“It is well established that contractual provisions are against public policy ‘… if there is a probability that unconscionable, immoral or illegal conduct will result from the implementation of the provisions according to the tenor’” (extract from judgment below)
When you choose to buy into a security estate or other community scheme, you will invariably become a member of a Home Owners Association (HOA), a Body Corporate or the like, and you will be bound to comply with all its constitution, rules and/or regulations.
It is essential to check that you are happy with them all before you buy because our courts have often confirmed that you will be held to whatever you agree to.
But there are limits, as a recent High Court judgment of Singh and Another v Mount Edgecombe Country Club Estate Management Association Two (RF) (NPC) and Others (AR575/2016)  ZAKZPHC 48 illustrates…
Speeding fines and dusk-to-dawn curfews
A large Golf Estate, comprising a mix of freehold and sectional title properties with extensive common areas and communal facilities, included in its Conduct Rules two sets of provisions –
- Enforcing a 40 km/hr speed limit on estate roads, and
- Restricting domestic employees to, amongst other controls, a 6 p.m. to 6 a.m. curfew, limited use of estate roads, and annual renewal of access cards.
A homeowner locked horns with the Estate over its enforcement of these rules, initially around its suspension of his and his family’s access to the Estate (and thus to their own home) over unpaid speeding fines.
The Court held that both sets of rules are unlawful and invalid, but gave the estate 12 months to regularise them.
First set of rules: Speed limits and traps
Holding that although the roads in question are within the estate’s boundaries they are still “public roads” as defined in our Road Traffic laws, the Court held that the Estate could not lawfully impose speed limits nor enforce them without the necessary authority from the relevant MEC or municipality.
The Court suspended its invalidity ruling for 12 months to allow the Estate time to apply for such authority. Presumably that’s likely to be given to the extent that the authorities consider the rules to be reasonable in light of the Estate’s expressed need to protect children, pedestrians and wildlife on the roads.

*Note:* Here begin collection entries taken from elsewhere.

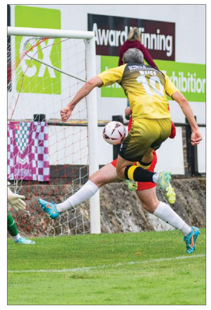
Chesham United were well on top against Welling.

Chesham United FC Women have also started their FA Women's National League campaign. 1 win from 3 and they welcome AFC Sudbury to The Meadow on Sunday (2pm).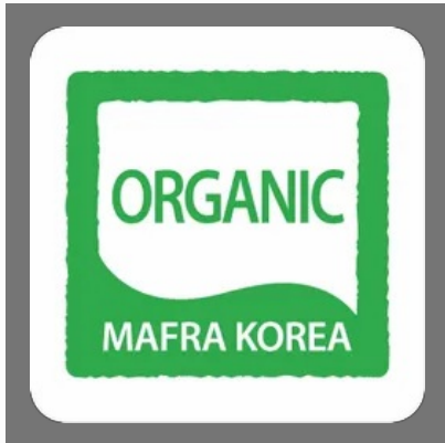
KOR Organic Certification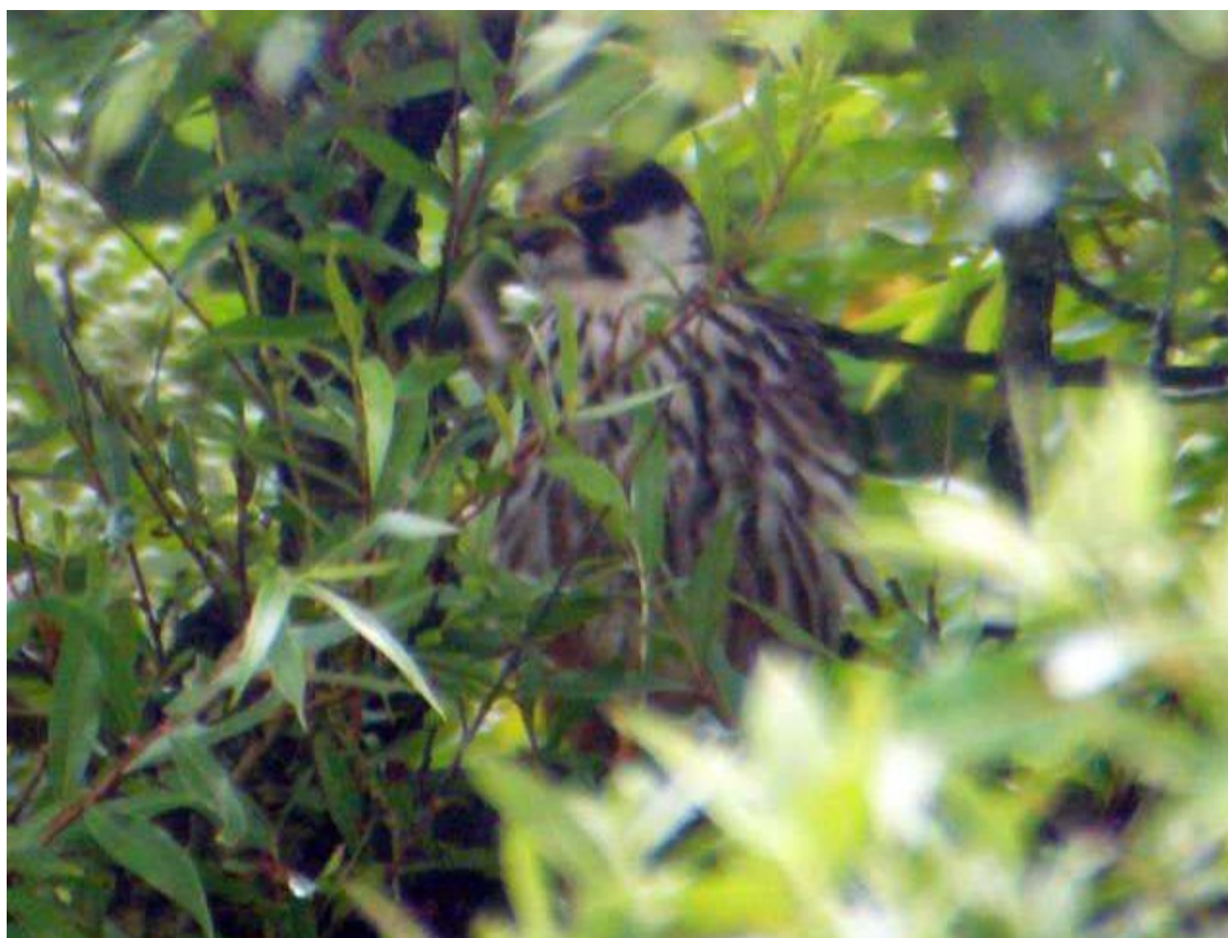
First summer Hobby ( Falco subbuteo ) Ballynagaul, Co. Waterford, 30 June 2007.

This extremely approachable, apparently exhausted bird arrived after a period of strong southwesterly winds that also brought the first Blue-winged Warbler Vermivora pinus for the Western Palearctic to the island the following week. This is the second Western Palearctic record of this Nearctic subspecies, following a record of one found dead in southwest Iceland on 23 October 1989 (Petersen 1992). More recently, single birds were reported from the Azores in October 2007 (Crochet 2008) and in October-November 2008 ( http://azores.seawatching.net ).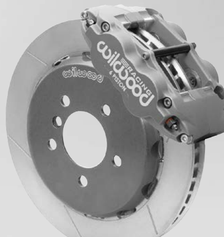
SUPERLITE 13.06" FRONT KIT P/N 140-16005 FNSSL6R/ST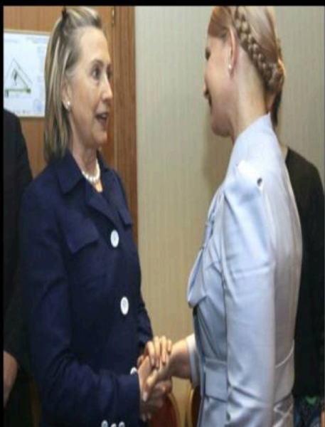
Hillary Clinton Praises Viciously Anti-Semitic Ukrainian Neo-Nazi Leader Secretary of State Hillary Clinton and Ukrainian neo-Nazi leader Yulia Tymoshenko at a reception held in Kiev in 2010.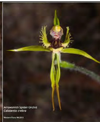
Arrowsmith Spider Orchid Caladenia crebra Western Flora WA 2015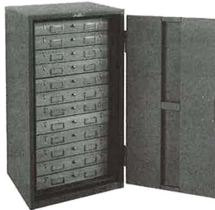
MODEL 401 with 12 #415 Cornell drawers

Dimensions Height 42 3/4" Width 23 3/16" Depth 20 1/32"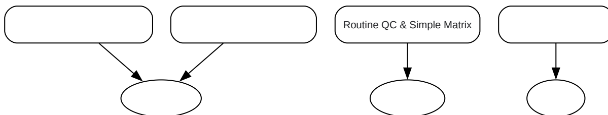
Caption: Experimental workflow for narceine quantification.

Click to download full resolution via product page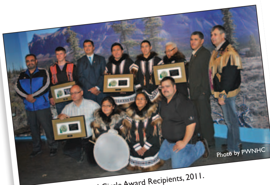
ECE Minister's Cultural Circle Award Recipients, 2011.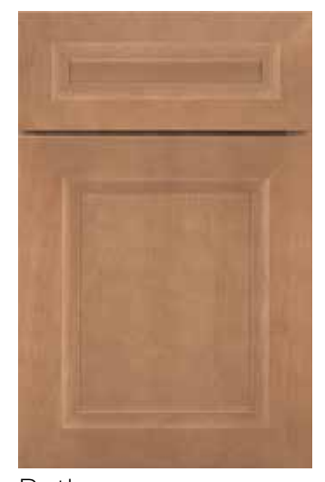
Butler 3 6 5-Piece Drawer Front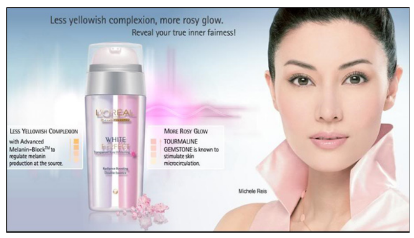
Figure 2 : White Perfect Transparent Rosy Whitening by Lóreal Source: Lóreal. (2013, March). [Advertisement for White Perfect Transparent Rosy Whitening]. Cleo, (209).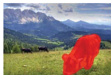
Fig 6: Original Image

Similarly, Figure 6 shows original image to be inpainted [6] and figure 7 shows selected region. Figure 8 shows result using [6] and figure 9 shows result using our approach.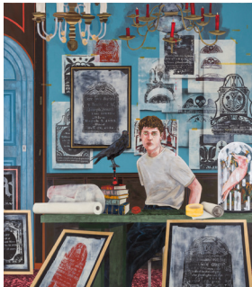
Conceptual Artist #6 (By combining different grave rubbings he invents lives that never existed), 2022 Acrylic and silkscreen on linen 243.8 x 213.4 cm 96 x 84 in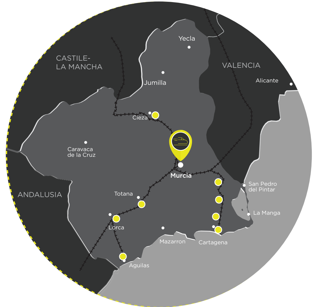
Map of Train Locations

New trains and the High Voltage electrification of the Great Western Mainline reduce train journey times and increase comfort and business opportunities.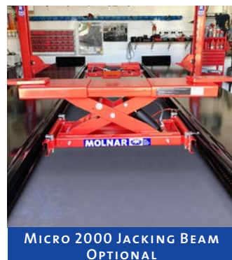
MICRO 2000 JACKING BEAM OPTIONAL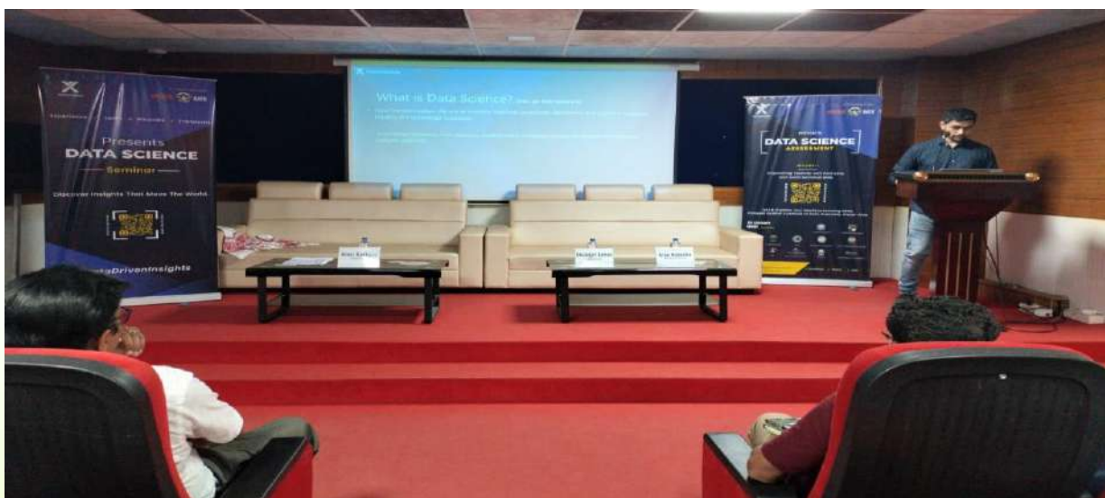
Presentation by the Officials of TechVariable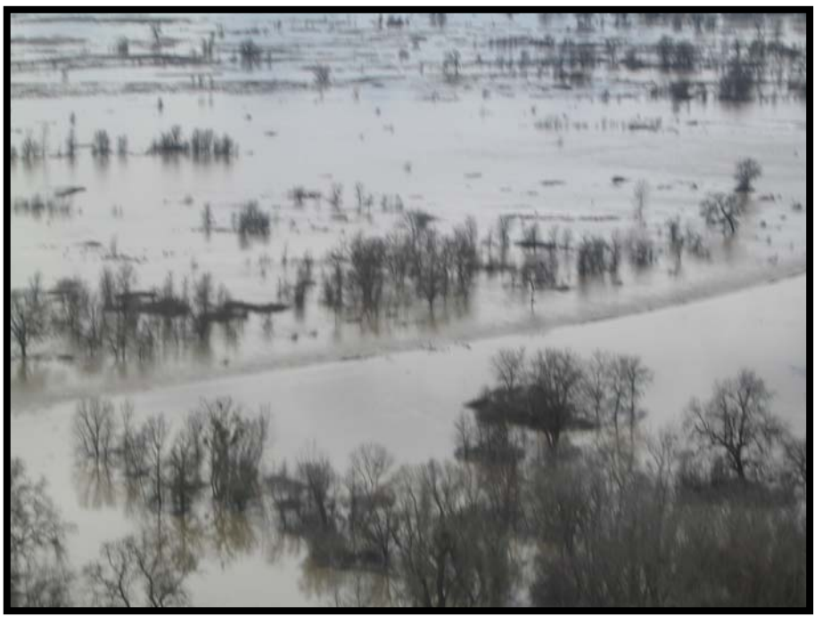
Fremont Weir Looking West on February 20, 2004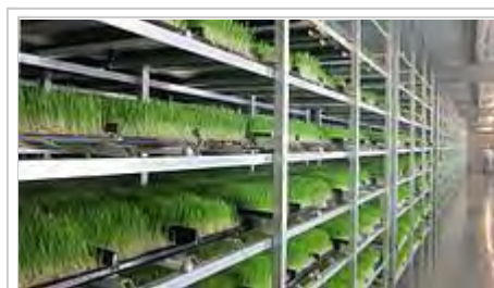
On site system in the USA.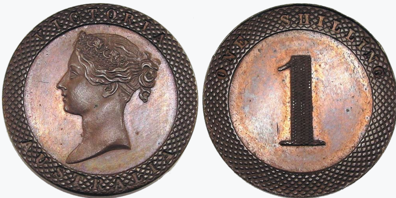
313 Taylor Pattern Shilling Port Phillip Kangaroo Office. Struck in copper circa 1860. Plain edge type. Attractive mint red and brown. Ex Spink Sale 26 lot 783 November 1988. (A 794, R 562d). Very rare. UNC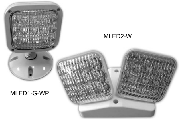
Includes Mounting Plate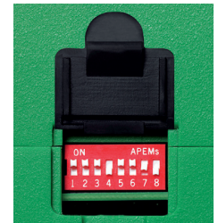
DIP switches for easy programming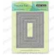
Penny Black LEAF STITCHED FRAMES Thin...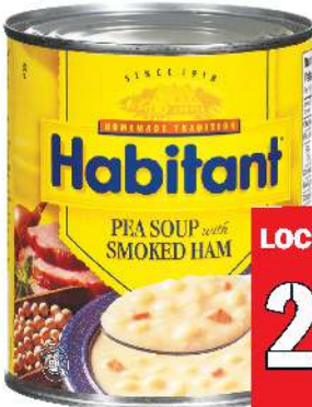
CAMPBELL'S CHUNKY OR HABITANT SOUP 515 - 795 ML SELECTED VARIETIES

Second set of rules: Restrictions on domestic employees
These, held the Court, severely restricted the constitutional rights of the employees in question and affected their basic rights to human dignity, equality, freedom of association, freedom of movement, freedom of occupation and fair labour practices. “Their position within the estate”, said the Court, “is reminiscent of the position that prevailed in the apartheid era: while they are good enough to perform domestic duties for their employers on the estate, which include the task of pushing perambulators on the roads, they are precluded from exercising any rights derived from public law and the Constitution.”
Thus, held the Court, “to the extent that these rules restrict the rights of domestic employees from freely being on and traversing public roads in the estate, I consider them to be unreasonable and unlawful.” This invalidity ruling was also suspended for 12 months.
A warning to all estates
All HOAs and Bodies Corporate need to check their rules and regulations for legal validity.
The Court again: “If in fact there are other associations and/or estates in the country who, like the first respondent herein, either through ignorance or plain arrogance on their part, have seen it fit not to comply with statutory provisions, it’s time that they did.”